Kedia-Agarwal feels that with RERA ensuring transparency and the laws allowing 100 per cent FDI in construction, Indian real estate is witnessing a lot of investment infusions from NRIs. “The new class of ultra-rich people is on a buying spree of luxury homes in global cities like Mumbai, Bangalore, etc. The Indian markets are proving their grit and potential. It is now time for investors to decide if they want to benefit from India’s future potential,” she says.
Real estate developers will also be expanding their operations to non-metro cities in 2023. The most recent example is the announcement of the Mumbai 3.0 project by the Government of Maharashtra (GoM). The government is committed to developing the Neral-Karjat, Panvel and the NAINA region in the Mumbai Metropolitan Region (MMR) as a part of this project. In fact, the numerous infrastructure projects in the city that were stuck due to the pandemic are now expected to resume and pick up pace in the new year. This will change the entire dynamic of the realty sector.

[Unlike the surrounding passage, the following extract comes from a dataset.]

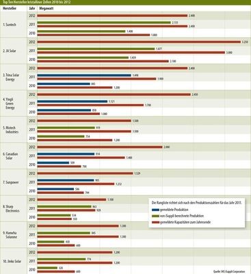 Der chinesische Hersteller Canadian Solar hat seine Zellproduktion 2011 im Vergleich zum Vorjahr fast verdoppelt und baut die Kapazitäten 2012 weiter aus. Im Jahr 2011 auf Platz sechs, war der integrierte chinesische Hersteller 2010 noch nicht einmal unter den Top Ten. „Sie haben aggressive Expansionspläne im Bereich der Zellen und Module“, sagt de Haan. „Die Produktion in einem stagnierenden Markt derart zu erweitern, das wird schwer werden.“ Canadian Solar produziert seine Zellen vor allem für die eigene Modulproduktion.

2023 will also see the remote working model, which gave way to a hybrid work structure in 2022, change completely with a full-fledged return to the pre-pandemic norm of work from the office (WFO). Therefore, CRE (commercial real estate), which has been on the rise since last year, is expected to dominate with Grade-A offices in huge demand as big companies are seeking to expand their operations in the coming days.
In conclusion we can say that the real estate stakeholders have every reason to believe that the performance of this sector in the new year is going to be rock steady and robust, especially with the government also stepping in and taking initiatives which will further support and enhance the growth of this sector.